━━ Data

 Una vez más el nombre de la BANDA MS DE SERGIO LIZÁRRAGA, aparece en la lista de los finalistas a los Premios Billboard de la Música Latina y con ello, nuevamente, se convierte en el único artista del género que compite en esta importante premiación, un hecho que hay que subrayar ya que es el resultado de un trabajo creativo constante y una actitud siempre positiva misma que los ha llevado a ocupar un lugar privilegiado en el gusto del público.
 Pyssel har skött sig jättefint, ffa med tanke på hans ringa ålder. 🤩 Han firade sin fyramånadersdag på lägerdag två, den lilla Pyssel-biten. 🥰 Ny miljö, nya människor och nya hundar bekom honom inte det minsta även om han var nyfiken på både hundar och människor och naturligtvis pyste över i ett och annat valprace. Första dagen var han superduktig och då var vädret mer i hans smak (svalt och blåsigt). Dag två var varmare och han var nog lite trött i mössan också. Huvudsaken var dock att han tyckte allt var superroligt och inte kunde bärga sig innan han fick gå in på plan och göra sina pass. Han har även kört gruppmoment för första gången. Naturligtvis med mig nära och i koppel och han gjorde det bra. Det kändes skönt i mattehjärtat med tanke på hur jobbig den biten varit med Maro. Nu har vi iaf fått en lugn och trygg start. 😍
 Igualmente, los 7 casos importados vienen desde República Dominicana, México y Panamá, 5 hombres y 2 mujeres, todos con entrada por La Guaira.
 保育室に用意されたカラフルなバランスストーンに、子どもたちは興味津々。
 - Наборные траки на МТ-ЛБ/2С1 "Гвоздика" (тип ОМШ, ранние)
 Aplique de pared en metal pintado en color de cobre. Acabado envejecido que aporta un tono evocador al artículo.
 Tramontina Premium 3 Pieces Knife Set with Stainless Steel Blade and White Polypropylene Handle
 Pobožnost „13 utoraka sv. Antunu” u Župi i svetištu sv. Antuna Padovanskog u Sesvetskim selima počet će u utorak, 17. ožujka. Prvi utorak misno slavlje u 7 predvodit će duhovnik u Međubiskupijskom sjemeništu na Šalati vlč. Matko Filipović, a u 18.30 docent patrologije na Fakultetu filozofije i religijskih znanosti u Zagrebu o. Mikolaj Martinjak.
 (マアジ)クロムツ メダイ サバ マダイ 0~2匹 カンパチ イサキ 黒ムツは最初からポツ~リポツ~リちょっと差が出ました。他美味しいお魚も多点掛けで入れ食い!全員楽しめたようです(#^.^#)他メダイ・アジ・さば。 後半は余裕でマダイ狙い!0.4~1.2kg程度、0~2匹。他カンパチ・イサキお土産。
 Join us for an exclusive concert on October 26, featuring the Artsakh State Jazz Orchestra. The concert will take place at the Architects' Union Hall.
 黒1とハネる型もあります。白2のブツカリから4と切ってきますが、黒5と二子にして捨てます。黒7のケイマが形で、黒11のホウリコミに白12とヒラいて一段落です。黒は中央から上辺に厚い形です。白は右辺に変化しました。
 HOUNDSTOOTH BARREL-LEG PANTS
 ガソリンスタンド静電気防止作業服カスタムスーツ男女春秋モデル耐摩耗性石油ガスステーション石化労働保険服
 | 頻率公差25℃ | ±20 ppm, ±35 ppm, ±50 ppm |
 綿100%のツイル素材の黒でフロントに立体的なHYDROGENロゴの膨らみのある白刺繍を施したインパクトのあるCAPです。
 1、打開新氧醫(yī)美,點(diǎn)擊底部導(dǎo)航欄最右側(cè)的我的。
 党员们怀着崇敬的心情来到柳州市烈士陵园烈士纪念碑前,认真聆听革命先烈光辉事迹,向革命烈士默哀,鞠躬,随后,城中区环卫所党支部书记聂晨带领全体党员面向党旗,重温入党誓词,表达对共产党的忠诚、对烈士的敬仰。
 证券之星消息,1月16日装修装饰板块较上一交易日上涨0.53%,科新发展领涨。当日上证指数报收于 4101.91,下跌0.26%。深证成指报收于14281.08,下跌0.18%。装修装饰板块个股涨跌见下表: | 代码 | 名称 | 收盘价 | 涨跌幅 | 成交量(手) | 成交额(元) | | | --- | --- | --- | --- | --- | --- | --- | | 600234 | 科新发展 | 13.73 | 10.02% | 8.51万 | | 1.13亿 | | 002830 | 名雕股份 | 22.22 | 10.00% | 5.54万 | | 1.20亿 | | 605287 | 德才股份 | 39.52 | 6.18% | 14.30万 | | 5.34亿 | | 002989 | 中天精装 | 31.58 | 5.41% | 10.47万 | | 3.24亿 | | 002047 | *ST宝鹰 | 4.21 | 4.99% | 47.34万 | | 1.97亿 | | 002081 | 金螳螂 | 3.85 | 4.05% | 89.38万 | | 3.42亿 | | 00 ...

━━━━

* [Exercise instructions] Above are some lines. Repeat exactly, and only, those from the line that has "ppm, ±50 ppm |" through the line that has "党员们怀着崇敬的心情来到柳州".

* [Answer area]
 | 頻率公差25℃ | ±20 ppm, ±35 ppm, ±50 ppm |
 綿100%のツイル素材の黒でフロントに立体的なHYDROGENロゴの膨らみのある白刺繍を施したインパクトのあるCAPです。
 1、打開新氧醫(yī)美,點(diǎn)擊底部導(dǎo)航欄最右側(cè)的我的。
 党员们怀着崇敬的心情来到柳州市烈士陵园烈士纪念碑前,认真聆听革命先烈光辉事迹,向革命烈士默哀,鞠躬,随后,城中区环卫所党支部书记聂晨带领全体党员面向党旗,重温入党誓词,表达对共产党的忠诚、对烈士的敬仰。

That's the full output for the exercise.